Here's the Nature article that the university press release links to: https://www.nature.com/articles/s41586-024-08234-x
Reminds me very much of much of the frontier science Ashton Forbes (the crazy zero-point energy guy) has been exposing on Twitter. For example:
"There is a very deep connection between magnetism and zero-point energy. So yeah, go ahead and build a magnetic motor. It's possible to draw this energy just using spins of electrons and permanent magnets." https://x.com/JustXAshton/status/1830621589848928459
Unfortunately I can't find some of the more relevant posts I have seen recently. But maybe someone else on HN also follows this guy.
Also: Magnet 900,000 times stronger than Earth reveals directional mass particles https://www.yahoo.com/news/magnet-900-000-times-stronger-140...
Just because energy is there doesn't mean you can use it. You can only use changes in energy, like a battery discharging or a log burning. Zero point energy is the resting energy of empty space, and the only theoretical scenarios where it changes involve the laws of physics being changed and the universe being destroyed. In a sense it's the tension of having laws of nature. I sincerely hope it's not on the menu of consumable fuels.
It's also worth mentioning that quasiparticles are bursts of energy that move through materials. For example a soundwave is a burst of quasiparticles, and the quietest possible sound is one quasiparticle, a phonon. I think this disclaimer should accompany all of the press releases about new particles discovered in condensed matter (solids, basically).
Thanks. I’ll take that over an over-hyped press release from a university PR person.
A new class of magnetism or magnet? Are we adding a new term to the equations or another bird to the catalog?
A new kind of solution for some equations that are way too complex for us to know all the ways they can go.

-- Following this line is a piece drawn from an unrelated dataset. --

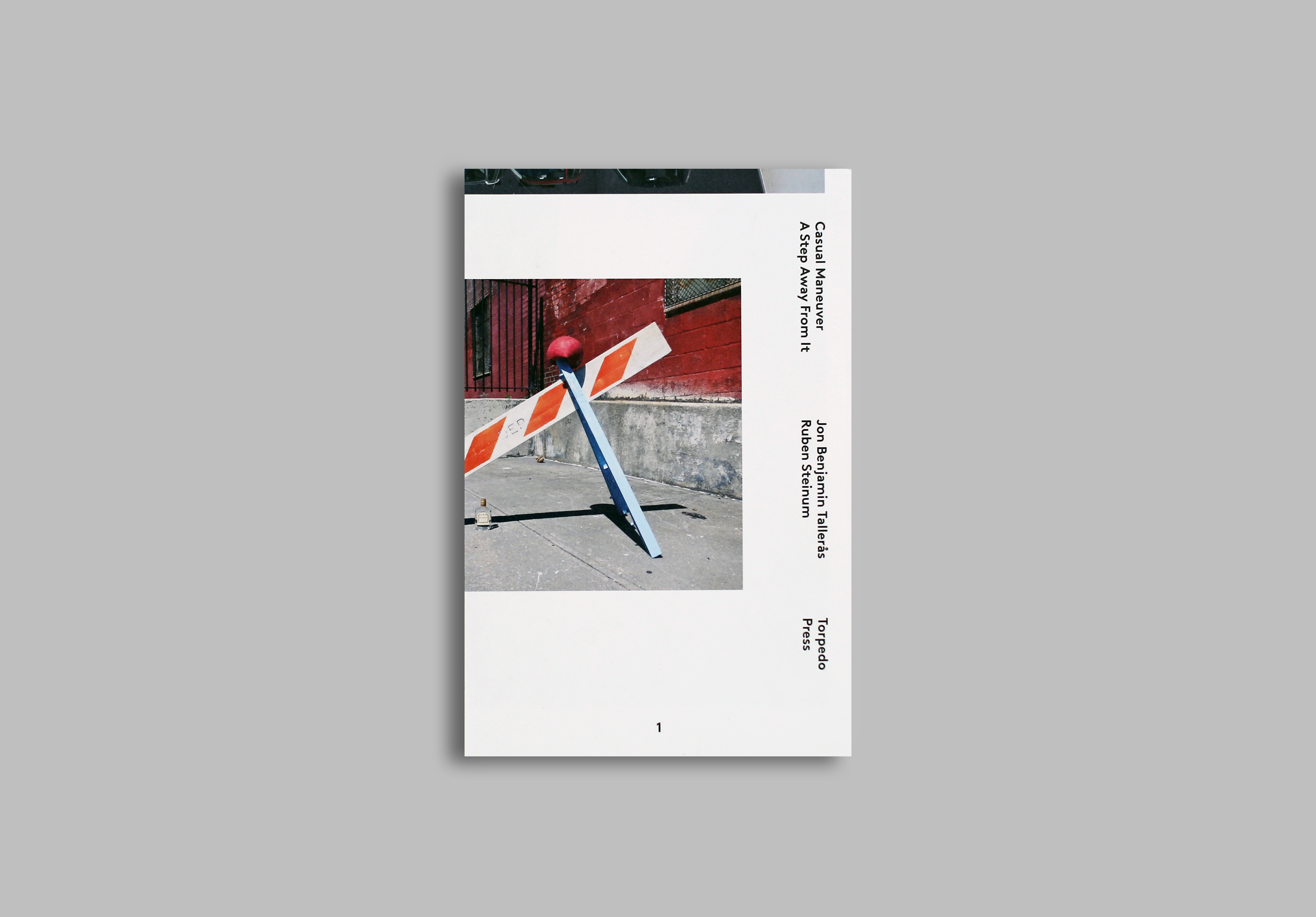 The artists’ book Casual Maneuver: A Step Away From It is made by the Oslo-based artists Ruben Steinum and Jon Benjamin Tallerås. The photographs in the book document almost one hundred unannounced temporary sculptures made in public space over the past three years. Steinum and Tallerås work by clandestinely reconfiguring whatever mobile materials they find on their journeys through various cities. These mostly gentle but unlikely and unexpected transient rearrangements of urban junk and street furniture recall the methods of visual poetry or musique concrète as much as they acknowledge the formal language of contemporary sculpture.
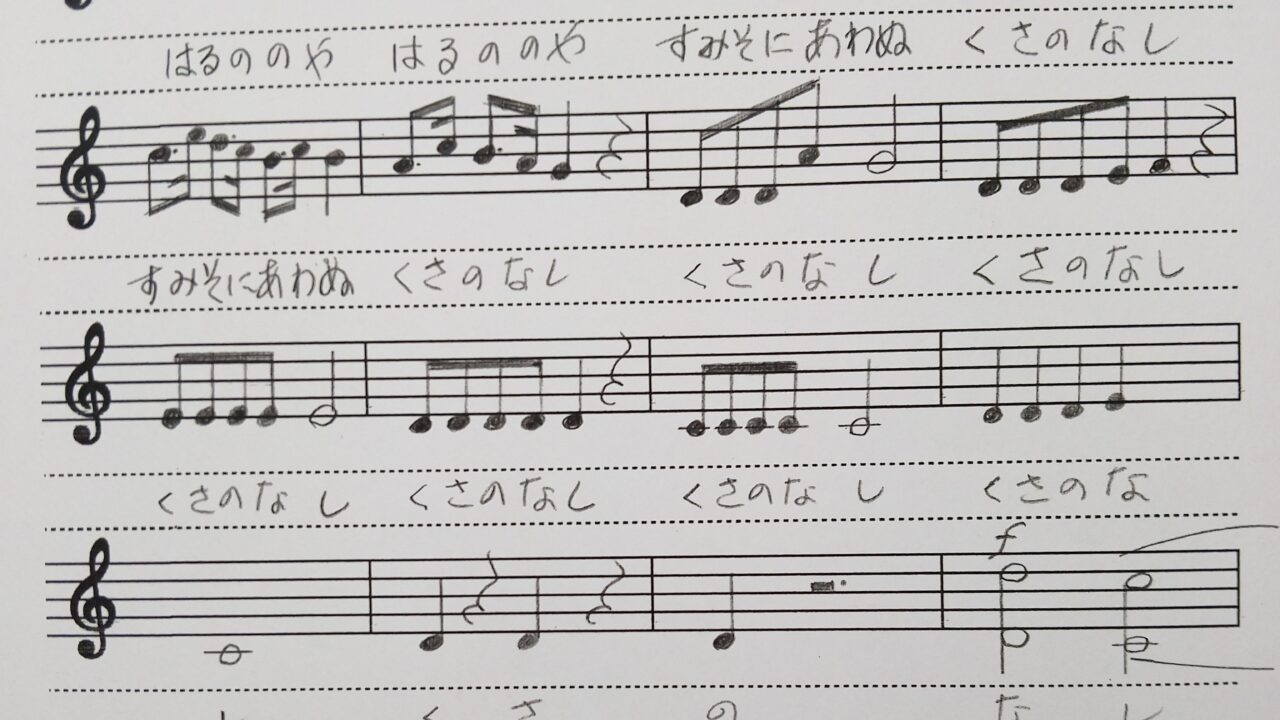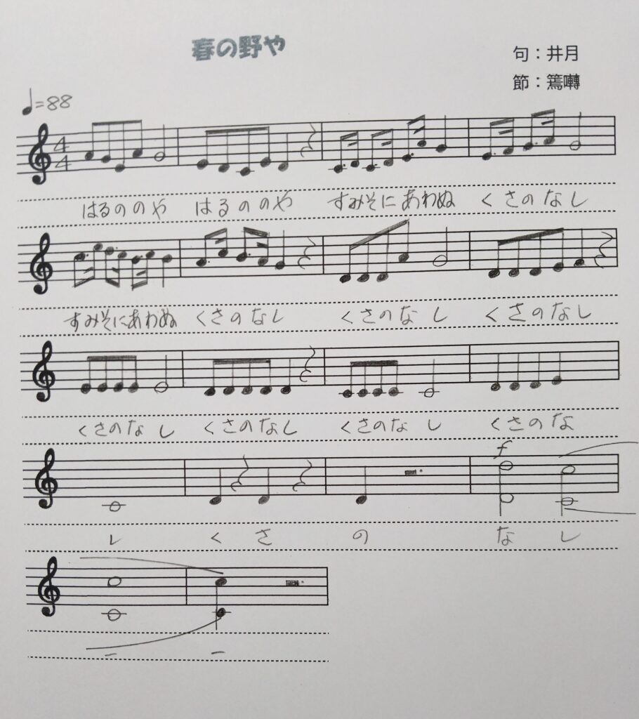◇Once I started picking, I got so engrossed that I even crawled on the ground to pick some things. ◇I tried to express that joyful feeling in measures 3 through 6. ◇From measure 7 onwards, I wondered what would happen if I made vinegared miso with all the harvested ingredients, just as Seigetsu insisted (= there is no weed that doesn’t go well with vinegared miso), and I wanted to taste it to my heart’s content. And that’s how I ended up with this sticky melody…

Yeah a new class of magnetic materials, not a new class of magnetism. Not magnetic monopoles either.
My brain hurts.
> They have the potential to lead to a thousand fold increase in speed of microelectronic components and digital memory while being more robust and energy efficient.
Magnets are only used in spinning storage right? And SSDs are typically on the order of 3 orders of magnitude faster if not more in terms of IOPs due to random access performance being roughly the same as sequential. So is this saying 1000x faster than spinning HDDs because of latency or is it saying faster than even flash?
I’m also not too familiar in how magnets show up in microelectronic components in a way that this would speed them up.
> Magnets are only used in spinning storage right?
In the 1970s, magnetic bubble memories were seen as potential replacements for disk drives (and, initially, even semiconductor RAM), but rapid improvements in what we now regard as traditional technology outpaced what could be done with bubble memory.
I am pretty sure that bubble memory is unrelated to the phenomenon discussed here, beyond that it made use of a magnetic effect in a solid substrate.
> Magnets are only used in spinning storage right?
Maybe not forever. Magnetoresistive RAM (MRAM)[1] has the potential to be both faster than DRAM and non-volatile (but maybe not configured for both at the same time), in which case it could replace both DRAM and flash.
That said, I'm not familiar with the physics of MRAM, so I'm not sure the Altermagnets mentioned in the article are applicable to MRAM in particular.
However there's a major issue with SSDs. SSDs keep their data for ~10 years, which is a lot shorter than most people realize. "Spinning rust" will remain operational for longer and should keep the data for at least a century. You cannot have data on SSDs for backup or data hoarding.
I get that spinning rust is put to shame by CD or DVD (even writable ones), but still.
10 years? Try three months (worst case, but still): <https://news.ycombinator.com/item?id=37144598>
That sounds very optimistic. Do you have any data to back that up? Is it hot or cold storage? I understand, that the breakdown of magnetic field is indeed slow, but the HDD as a whole is not as sturdy, I think - you need to spin the platters, control the heads and so on.
That's true. Perhaps I should say that data on hard drives will remain recoverable, not available, for a century.
Data on CDs/DVDs should remain recoverable for millenia (properly stored, even readable). Another advantage: CDs/DVDs can be duplicated with only analog tools maybe 10 times to further extend that (obviously not writable CD/DVS). And if we were to glue cd's top-to-top, that could be an easy hack to 10x that, which would even work for (re)writable CDs/DVDs.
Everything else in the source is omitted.